By | November 17, 2016

[UPDATE, March 10, 2017: FairFly completed integration with Travelport’s Galileo global distribution system.]

Price assurance has taken root in corporate travel. TripBam and Yapta, especially, have made serious inroads. Another airfare reshopping firm, FairFly also is building a business on travel price volatility. These specialists are compiling huge data repositories. For travel managers, this may represent newfound power. They can watch (and maybe influence) traveler booking behavior. In some cases they also can benchmark against peers and perhaps negotiate better deals with suppliers.

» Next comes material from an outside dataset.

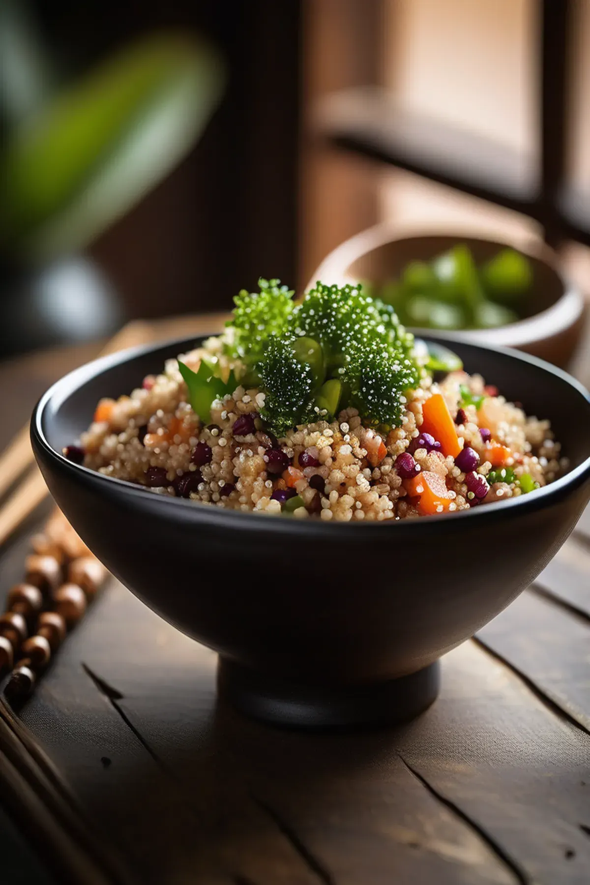 A refreshing and healthy salad inspired by Japanese cuisine, combining quinoa with sweet and savory flavors.

TripBam is tinkering with a hotel rate benchmarking tool for clients. Yapta announced enhanced airfare and hotel rate analytics. FairFly also furnishes detailed data to users. These purveyors say they strive to provide transparency for customers.

TripBam already offers a portal showing user activity. CEO Steve Reynolds said customers want more. In particular, they want to know how their hotel rates compare with the rest of the TripBam universe. The company now is preparing those comparisons, by market, by star rating and by individual property. Some clients are testing now and Reynolds expects wider availability next year.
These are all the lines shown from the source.